I had another favour to beg, which is the beggarliest of beggings.
A few lines of verse for a young friend's Album (six will be enough). M. Burney will tell you who she is I want 'em for. A girl of gold. Six lines—make 'em eight—signed Barry C——. They need not be very good, as I chiefly want 'em as a foil to mine. But I shall be seriously obliged by any refuse scrap. We are in the last ages of the world, when St. Paul prophesied that women should be "headstrong, lovers of their own wills, having Albums." I fled hither to escape the Albumean persecution, and had not been in my new house twenty-four hours, when the daughter of the next house came in with a friend's Album to beg a contribution, and the following day intimated she had one of her own. Two more have sprung up since. If I take the wings of the morning and fly unto the uttermost parts of the earth, there will Albums be. New Holland has Albums. But the age is to be complied with. M.B. will tell you the sort of girl I request the ten lines for. Somewhat of a pensive cast, what you admire. The lines may come before the Law question, as that can not be determined before Hilary Term, and I wish your deliberate judgment on that. The other may be flimsy and superficial. And if you have not burnt your returned letter, pray re-send it me, as a monumental token of my stupidity. 'Twas a little unthinking of you to touch upon a sore subject. Why, by dabbling in those accursed Albums, I have become a byword of infamy all over the kingdom. I have sicken'd decent women for asking me to write in Albums. There be "dark jests" abroad, Master Cornwall; and some riddles may live to be clear'd up.
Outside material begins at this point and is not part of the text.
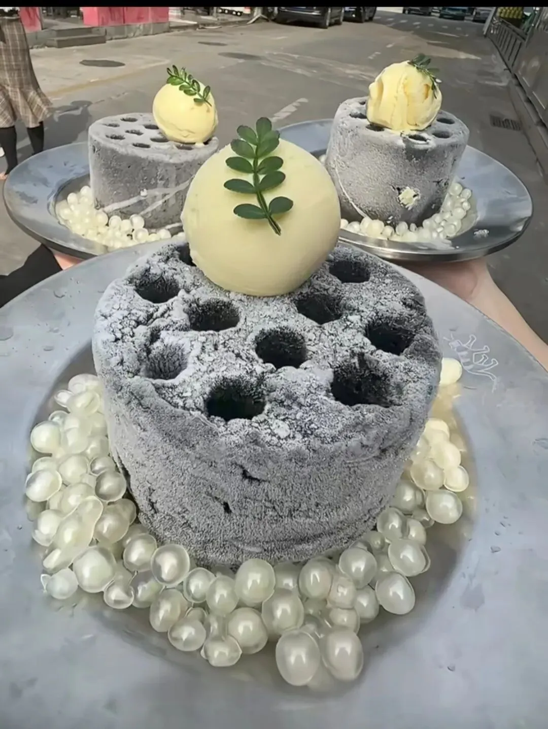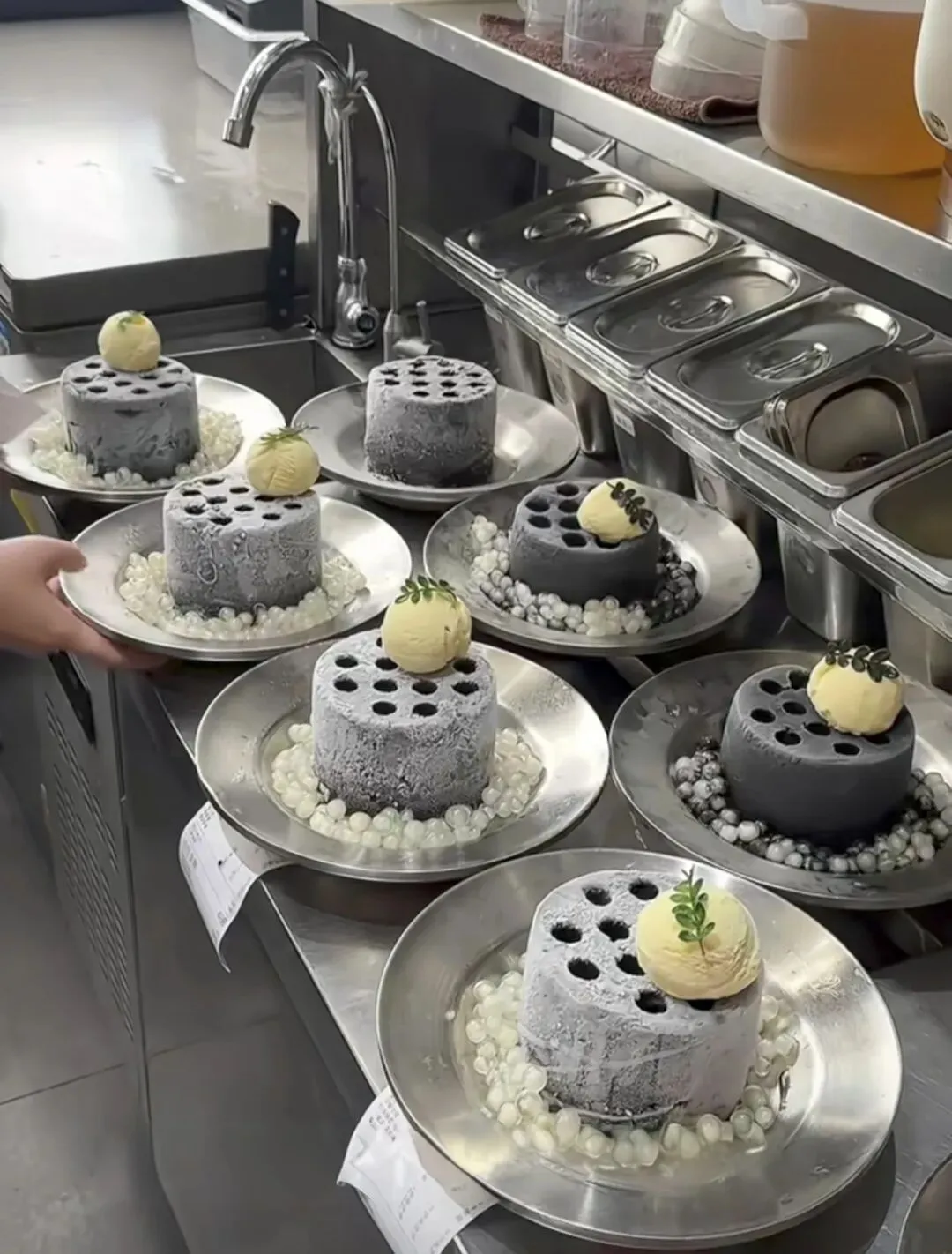 这造型也太敢玩了。谁能想到把主食做成蜂窝煤的样子?第一眼觉得搞笑,第二眼觉得亲切,第三眼居然有点想尝尝。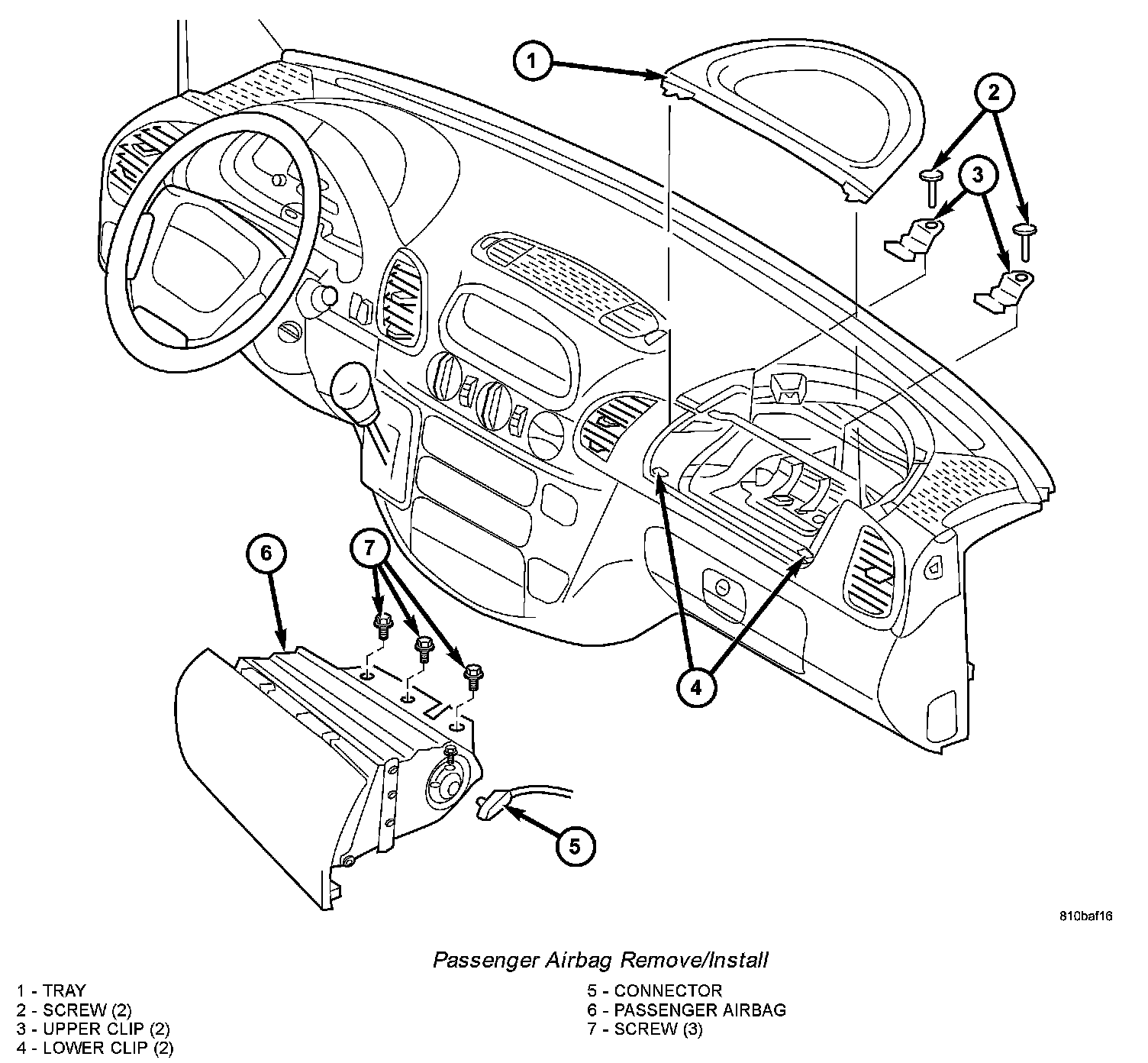 WARNING: ON VEHICLES EQUIPPED WITH AIR-BAGS, DISABLE THE AIRBAG SYSTEM BEFORE ATTEMPTING ANY STEERING WHEEL, STEERING COLUMN, SEAT BELT TENSIONER, OR INSTRUMENT PANEL COMPONENT DIAGNOSIS OR SERVICE. DISCONNECT AND ISOLATE THE BATTERY NEGATIVE (GROUND) CABLE, THEN WAIT TWO MINUTES FOR THE AIRBAG SYSTEM CAPACITOR TO DISCHARGE BEFORE PERFORMING FURTHER DIAGNOSIS OR SERVICE. THIS IS THE ONLY SURE WAY TO DISABLE THE AIRBAG SYSTEM. FAILURE TO TAKE THE PROPER PRECAUTIONS COULD RESULT IN ACCIDENTAL AIRBAG DEPLOYMENT AND POSSIBLE PERSONAL INJURY.REMOVAL

And 'tis not every saddle is put on the right steed; and forgeries and false Gospels are not peculiar to the Age following the 'tles. And some tubs don't stand on their right bottoms. Which is all I wish to say in these ticklish Times—and so your Servant,
CHS. LAMB.
[We do not know the nature of the "bite" that Procter had put upon Lamb; but Lamb quickly retaliated with the first paragraph of this letter, which is mainly invention. In his Old Acquaintance Mr. Fields wrote: "He [Procter] told me that the law question raised in this epistle was a sheer fabrication of Lamb's, gotten up by him to puzzle his young correspondent, the conveyancer. The coolness referred to between himself and Robinson and Talfourd, Procter said, was also a fiction invented by Lamb to carry out his legal mystification."
At the end of the first paragraph came some words in another hand: "in usum enfeoffments whereof he was only collaterally seized, &c.," beneath which Lamb wrote: "The above is some of M. Burney's memoranda which he has left me, and you may cut out and give him."
Procter's verses for Emma Isola's album I have not seen, but Canon Ainger says that they refer to "Isola Bella, whom all poets love," the island in Lago di Maggiore.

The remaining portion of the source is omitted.